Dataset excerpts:
┄┄┄┄┄┄

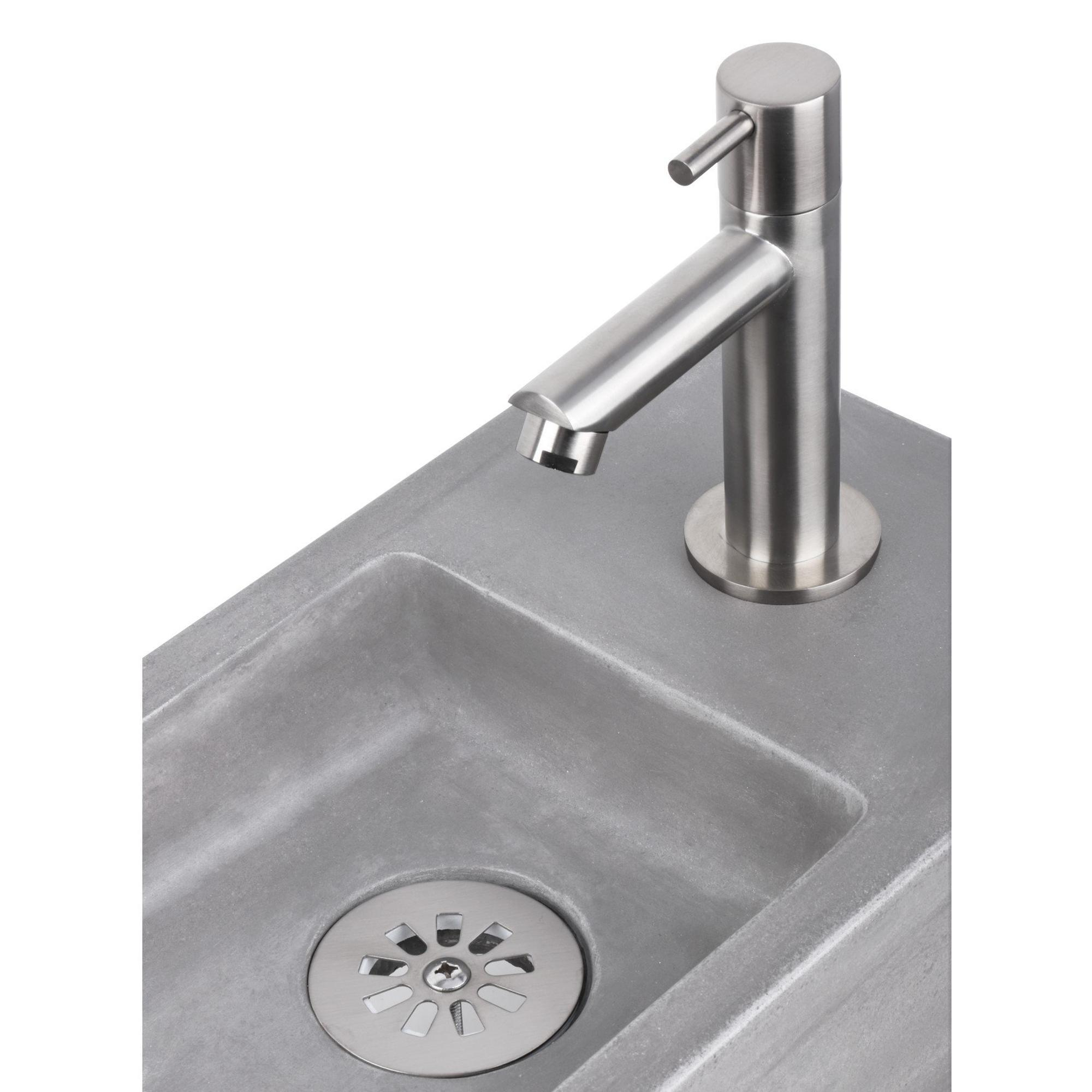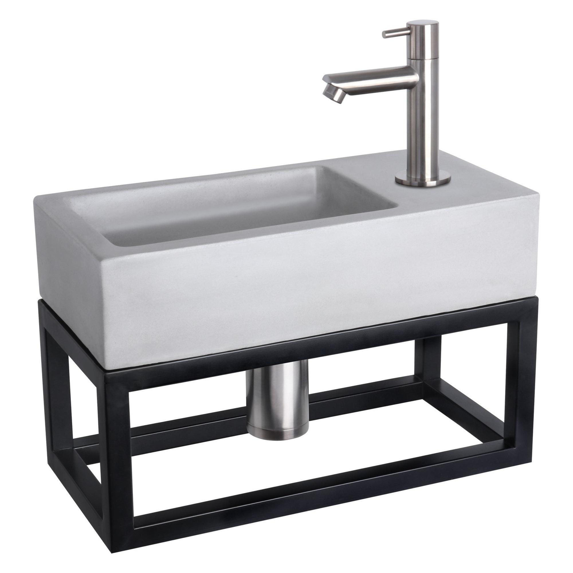 Differnz Ravo Kit lave-mains - 38.5x18.5x25cm - Droit - 1 trou de robinet - Robinet chromé mat droit - avec cadre noir - béton gris clair
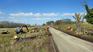 The well known avenue of Horse Chestnut trees in Hollycross Road has gone. Maybe they were a little diseased and dropped conkers all over the road in Autumn but they were a landmark. Yet another loss to the village. There will be nothing left soon.
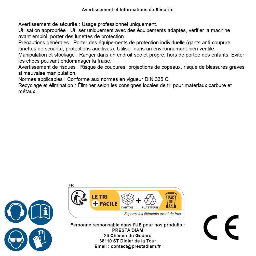 | WARNING and SAFETY | Identification de la personne responsable dans l’UE : Nom : PRESTA'DIAM. Adresse : 26 Chemin du Godard, 38110 ST Didier de la Tour (France). Email : contact@prestadiam.fr. |
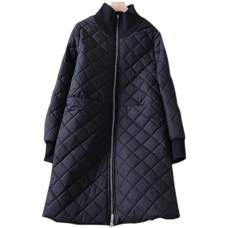 首页> 女装> 香港秋冬新款欧货菱格黑色棉衣外套女中长款显瘦休闲夹棉加厚大衣
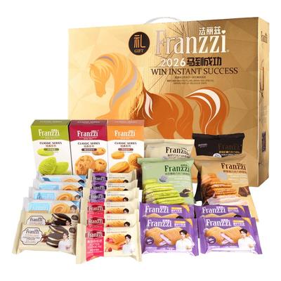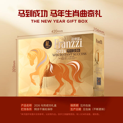 法丽兹马年生肖曲奇礼盒,巧克力味夹心饼干,休闲零食大礼包,春节送人佳选,寓意吉祥,口感香脆美味,礼盒装方便携带,适合走亲访友!
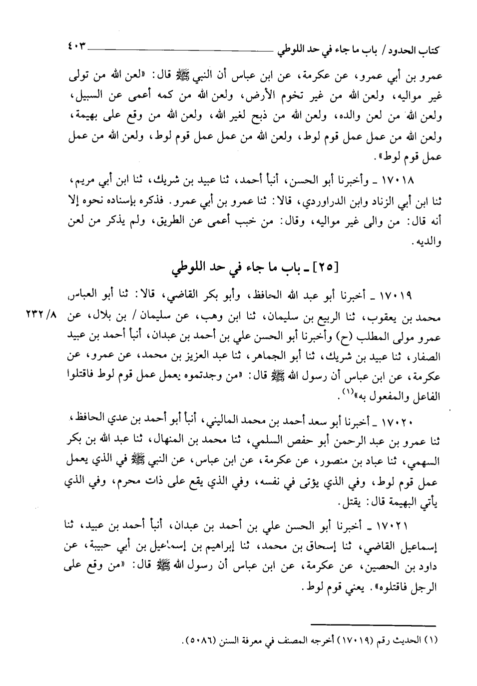 17021 - أَخْبَرَنَا أَبُو الْحَسَنِ عَلِيُّ بْنُ أَحْمَدَ بْنِ عَبْدَانَ، أنبأ أَحْمَدُ بْنُ عُبَيْدٍ، ثنا إِسْمَاعِيلُ الْقَاضِي، ثنا إِسْحَاقُ بْنُ مُحَمَّدٍ، ثنا إِبْرَاهِيمُ بْنُ إِسْمَاعِيلَ بْنِ أَبِي حَبِيبَةَ، عَنْ دَاوُدَ بْنِ الْحُصَيْنِ، عَنْ عِكْرِمَةَ، عَنِ ابْنِ عَبَّاسٍ، أَنَّ رَسُولَ اللهِ صَلَّى اللهُ عَلَيْهِ وَسَلَّمَ قَالَ: §" مَنْ وَقَعَ عَلَى الرَّجُلِ فَاقْتُلُوهُ " يَعْنِي قَوْمَ لُوطٍ

┄┄┄┄┄┄

▶ _Task goal_: What you should produce is an exact copy of the records, with the pictures left out.

▶ _Exercise output_:
 Differnz Ravo Kit lave-mains - 38.5x18.5x25cm - Droit - 1 trou de robinet - Robinet chromé mat droit - avec cadre noir - béton gris clair
 The well known avenue of Horse Chestnut trees in Hollycross Road has gone. Maybe they were a little diseased and dropped conkers all over the road in Autumn but they were a landmark. Yet another loss to the village. There will be nothing left soon.
 | WARNING and SAFETY | Identification de la personne responsable dans l’UE : Nom : PRESTA'DIAM. Adresse : 26 Chemin du Godard, 38110 ST Didier de la Tour (France). Email : contact@prestadiam.fr. |
 首页> 女装> 香港秋冬新款欧货菱格黑色棉衣外套女中长款显瘦休闲夹棉加厚大衣
 法丽兹马年生肖曲奇礼盒,巧克力味夹心饼干,休闲零食大礼包,春节送人佳选,寓意吉祥,口感香脆美味,礼盒装方便携带,适合走亲访友!
 17021 - أَخْبَرَنَا أَبُو الْحَسَنِ عَلِيُّ بْنُ أَحْمَدَ بْنِ عَبْدَانَ، أنبأ أَحْمَدُ بْنُ عُبَيْدٍ، ثنا إِسْمَاعِيلُ الْقَاضِي، ثنا إِسْحَاقُ بْنُ مُحَمَّدٍ، ثنا إِبْرَاهِيمُ بْنُ إِسْمَاعِيلَ بْنِ أَبِي حَبِيبَةَ، عَنْ دَاوُدَ بْنِ الْحُصَيْنِ، عَنْ عِكْرِمَةَ، عَنِ ابْنِ عَبَّاسٍ، أَنَّ رَسُولَ اللهِ صَلَّى اللهُ عَلَيْهِ وَسَلَّمَ قَالَ: §" مَنْ وَقَعَ عَلَى الرَّجُلِ فَاقْتُلُوهُ " يَعْنِي قَوْمَ لُوطٍ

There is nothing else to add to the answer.